Supplied records:
*****
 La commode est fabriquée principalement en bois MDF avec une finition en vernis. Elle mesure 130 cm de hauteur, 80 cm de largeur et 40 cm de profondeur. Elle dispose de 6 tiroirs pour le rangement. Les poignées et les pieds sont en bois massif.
*****
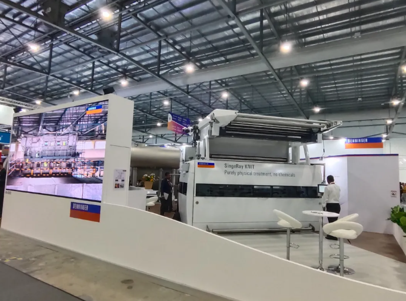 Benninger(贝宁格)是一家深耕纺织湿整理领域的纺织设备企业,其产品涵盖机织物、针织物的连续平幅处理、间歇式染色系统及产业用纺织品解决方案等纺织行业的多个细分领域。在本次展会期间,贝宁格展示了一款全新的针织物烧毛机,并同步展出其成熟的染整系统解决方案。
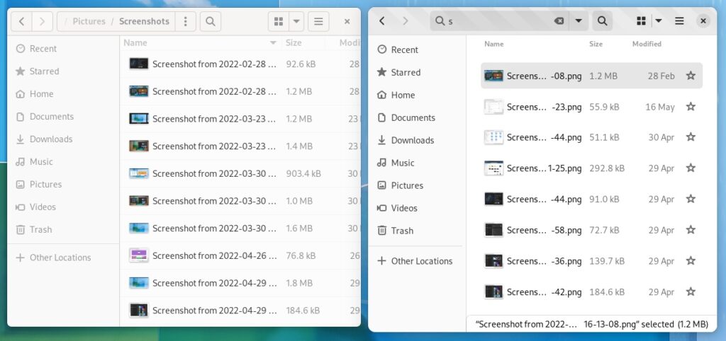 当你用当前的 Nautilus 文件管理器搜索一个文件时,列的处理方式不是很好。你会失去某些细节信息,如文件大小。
*****
Assignment: Above are some records; quote exactly and only the lines that begin at the line containing "Benninger(贝宁格)" and stop after the line containing "当你用当前的 Nautilus 文件管理器搜索一个文件时,列的处理方式不是很好。你会失去某些细节信息,如文件大小。", leaving out the pictures.

Exercise solution:
 Benninger(贝宁格)是一家深耕纺织湿整理领域的纺织设备企业,其产品涵盖机织物、针织物的连续平幅处理、间歇式染色系统及产业用纺织品解决方案等纺织行业的多个细分领域。在本次展会期间,贝宁格展示了一款全新的针织物烧毛机,并同步展出其成熟的染整系统解决方案。
 当你用当前的 Nautilus 文件管理器搜索一个文件时,列的处理方式不是很好。你会失去某些细节信息,如文件大小。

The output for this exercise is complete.